ID3D11ShaderReflection* pReflector = NULL; D3DReflect( pPixelShaderBuffer->GetBufferPointer(), pPixelShaderBuffer->GetBufferSize(), IID_ID3D11ShaderReflection, (void**) &pReflector) );
Gebruik het arceringsobject om het aantal interface-exemplaren in de shader op te halen met behulp van de methode ID3D11ShaderReflection::GetNumInterfaceSlots.
g_iNumPSInterfaces = pReflector->GetNumInterfaceSlots();
Maak een matrix die groot genoeg is om het aantal interface-exemplaren in de shader te bewaren.

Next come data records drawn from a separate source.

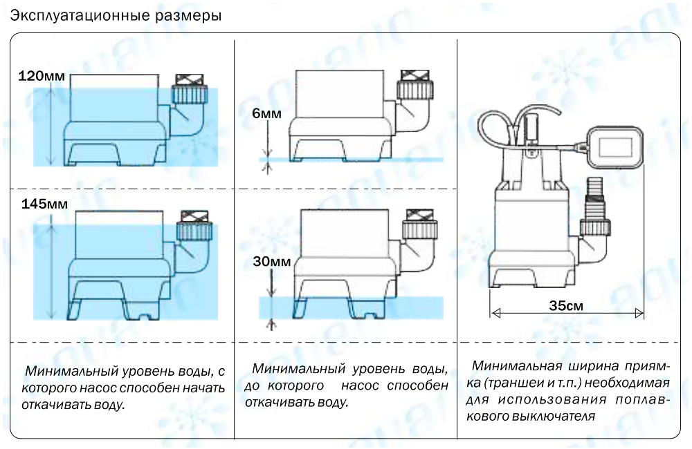 • Максимальная глубина погружения насоса под зеркало воды 5 м
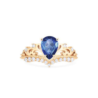 Francesca Heirloom Crown Pear Engagement Ring in Blue Sapphire | R1014
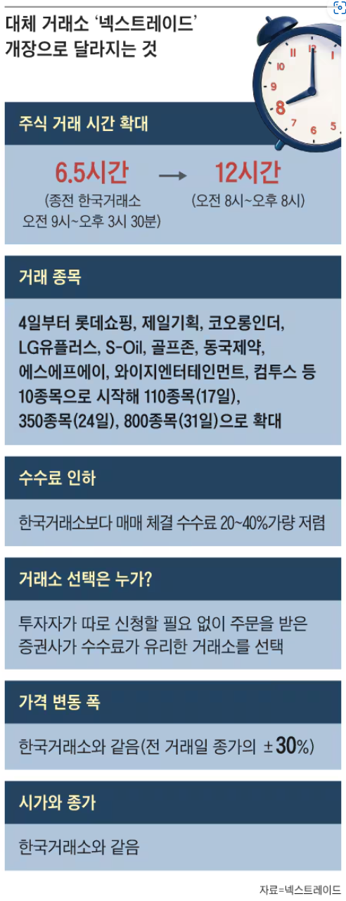 - 넥스트레이드 거래 시간: 오전 8시 ~ 오후 8시 (총 12시간 운영)
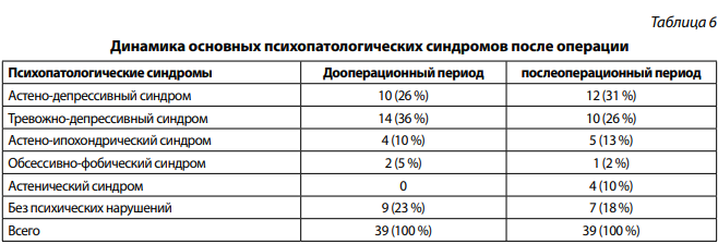 Психические нарушения различной степени выраженности перед оперативным лечением были выявлены у 77% пациентов. 47% пациентов с психическими нарушениями получали психофармакологическое лечение (антидепрессанты, транквилизаторы, ноотропы с седативным компонентом и их комбинации).
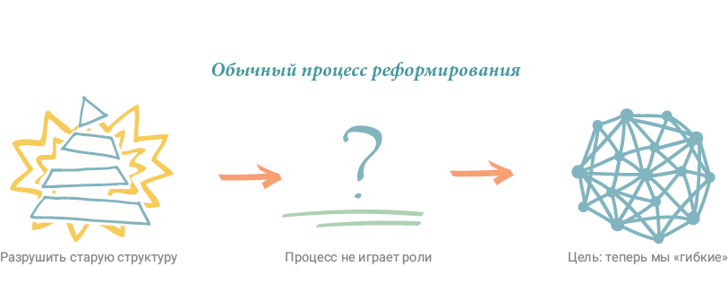 Простого ответа на этот вопрос до сих пор не существует. Чтобы трансформация оказалась удачной, требуется не только новая оболочка, но и смена образа мышления. Для классической иерархии менеджмента характерны административно-командный и прогностический подходы. Это означает, что иерархическая верхушка разрабатывает планы, которые реализуются на нижних уровнях пирамиды, а также контролирует ход исполнения посредством промежуточных управленческих структур.
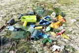 Beach with plastic pollution on sand at famous Rias Baixas Region. Galicia, Spain.
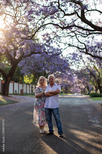elderly, family, generation, caucasian, grandparent, happiness, lifestyle, old, pensioner, people, senior, summer, three, toddler, together, village, walk, beautiful, flower, natural, green, nature, spring, smile, tree, blossom, sunny, sunset, enjoy, romantic, blooming, elegant, jacaranda, countryside, retirement, married, wife, husband, friendship, vitality, two people, togetherness, affectionate, grey hair
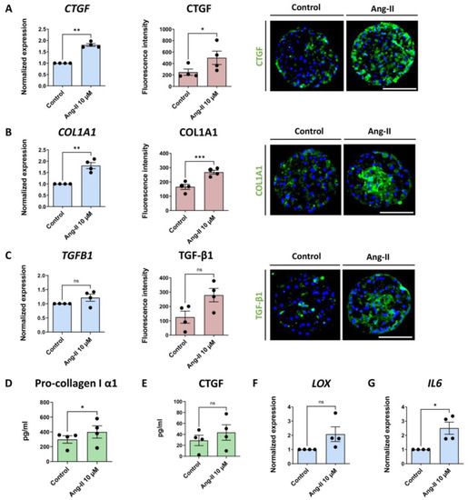 Angiotensin II induces CTGF production and markers of liver fibrosis. Angiotensin II was used to increase CTGF production and induce fibrosis in liver spheroids. Blue bars present the mRNA level data, red bars, results of IHC analysis, and green bars, data acquired using ELISA. (A) Angiotensin II caused an increase in CTGF expression (n = 4; 3 experiments with the PHH donor 1 and 1 experiment with PHH donor 2; NPC from donor 3 in all 4 experiments) and production (n = 4; 3 experiments with the PHH donor 1 and 1 experiment with PHH donor 2; NPC from donor 3 in all 4 experiments). (B) Expression and protein production of COL1A1 increased after angiotensin II treatment (n = 4). (C) TGF-β1 was increased on the protein level (n = 4), however the transcriptional level was unaffected (n = 4). (D) Pro-collagen I α1 released from the cells increased during the last 2 days of culture of the angiotensin II-treated spheroids (n = 4). (E) Similarly, the CTGF concentration in the culture medium was increased in all 4 experiments, although not to a significant extent (n = 4). (F,G) LOX and IL6 mRNA expression increased due to angiotensin II treatment (n = 4; 3 experiments with PHH donor 1 and 1 experiment with PHH donor 2; NPC from donor 3 in all 4 experiments). Nuclei in the IHC images are shown in blue. Every dot in the plots represents data from 1 experiment. Every dot in the red graphs is the average of at least 10 analyzed sections of spheroids per experiment. The size of the spheroids is marked with a white scale bar of 100 μm. Data are shown as mean ± SEM. Statistical analysis—Student’s t-test; * p < 0.05; ** p < 0.01; *** p < 0.001; ns: not significant. Ang-II—angiotensin II.

ID3D11ClassInstance** g_dynamicLinkageArray = NULL; g_dynamicLinkageArray = (ID3D11ClassInstance**) malloc( sizeof(ID3D11ClassInstance*) * g_iNumPSInterfaces );
Bepaal de index in de matrix die overeenkomt met elk interface-exemplaar met behulp van ID3D11ShaderReflection::GetVariableByName en ID3D11ShaderReflectionVariable::GetInterfaceSlot.
ID3D11ShaderReflectionVariable* pAmbientLightingVar = pReflector->GetVariableByName("g_abstractAmbientLighting"); g_iAmbientLightingOffset = pAmbientLightingVar->GetInterfaceSlot(0);
Haal een klasse-exemplaar op voor elk klasseobject dat is afgeleid van een interface in de shader met behulp van ID3D11ClassLinkage::GetClassInstance.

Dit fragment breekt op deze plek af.